## Material provided
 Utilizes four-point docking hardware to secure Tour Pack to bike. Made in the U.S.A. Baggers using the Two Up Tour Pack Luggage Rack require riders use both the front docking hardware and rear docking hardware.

--

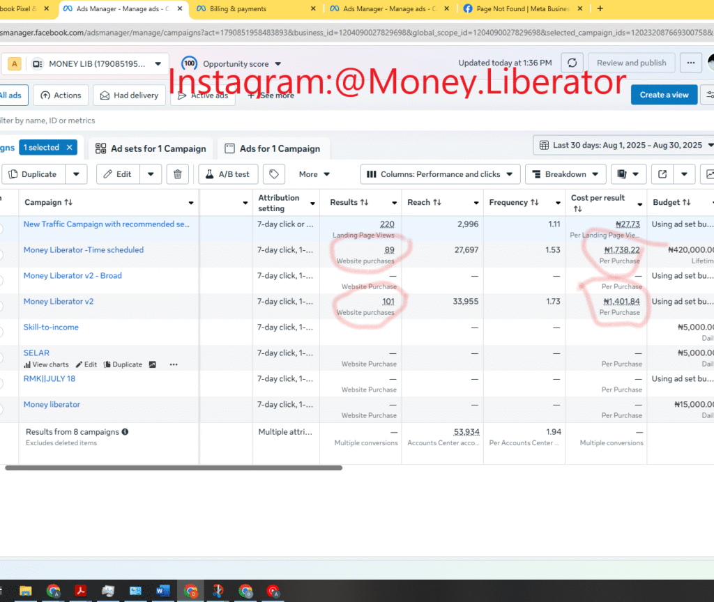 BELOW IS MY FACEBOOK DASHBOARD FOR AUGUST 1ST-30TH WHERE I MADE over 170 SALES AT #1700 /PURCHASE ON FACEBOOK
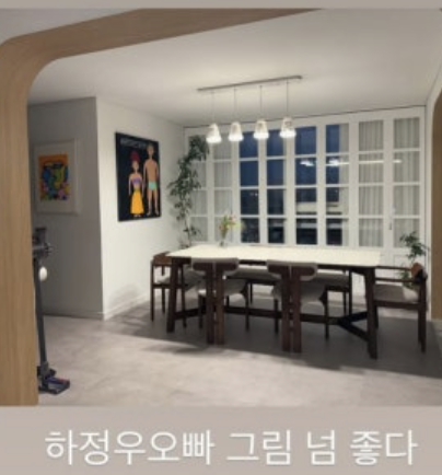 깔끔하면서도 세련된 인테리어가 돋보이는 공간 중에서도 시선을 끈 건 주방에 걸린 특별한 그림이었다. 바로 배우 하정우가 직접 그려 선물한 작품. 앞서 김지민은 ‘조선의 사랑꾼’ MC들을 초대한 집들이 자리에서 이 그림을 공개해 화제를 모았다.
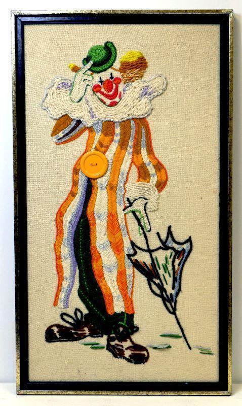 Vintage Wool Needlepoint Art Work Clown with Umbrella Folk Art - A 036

---

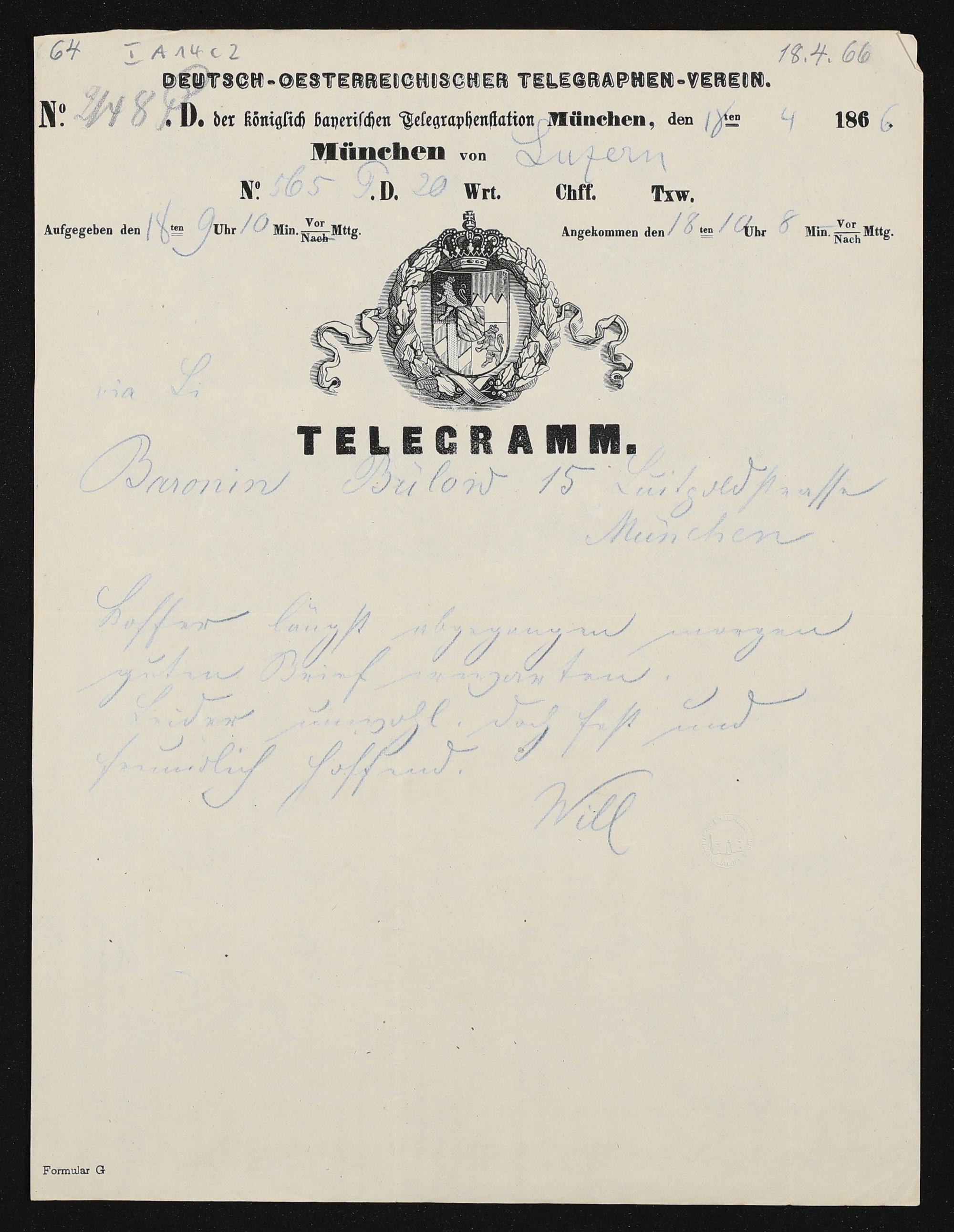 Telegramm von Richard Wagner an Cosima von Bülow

## What the task asks
Leave the pictures out. Output, exactly, the lines of the material above starting at the line containing "BELOW IS MY" and ending at the line containing "Vintage Wool Needlepoint".

## Task solution
 BELOW IS MY FACEBOOK DASHBOARD FOR AUGUST 1ST-30TH WHERE I MADE over 170 SALES AT #1700 /PURCHASE ON FACEBOOK
 깔끔하면서도 세련된 인테리어가 돋보이는 공간 중에서도 시선을 끈 건 주방에 걸린 특별한 그림이었다. 바로 배우 하정우가 직접 그려 선물한 작품. 앞서 김지민은 ‘조선의 사랑꾼’ MC들을 초대한 집들이 자리에서 이 그림을 공개해 화제를 모았다.
 Vintage Wool Needlepoint Art Work Clown with Umbrella Folk Art - A 036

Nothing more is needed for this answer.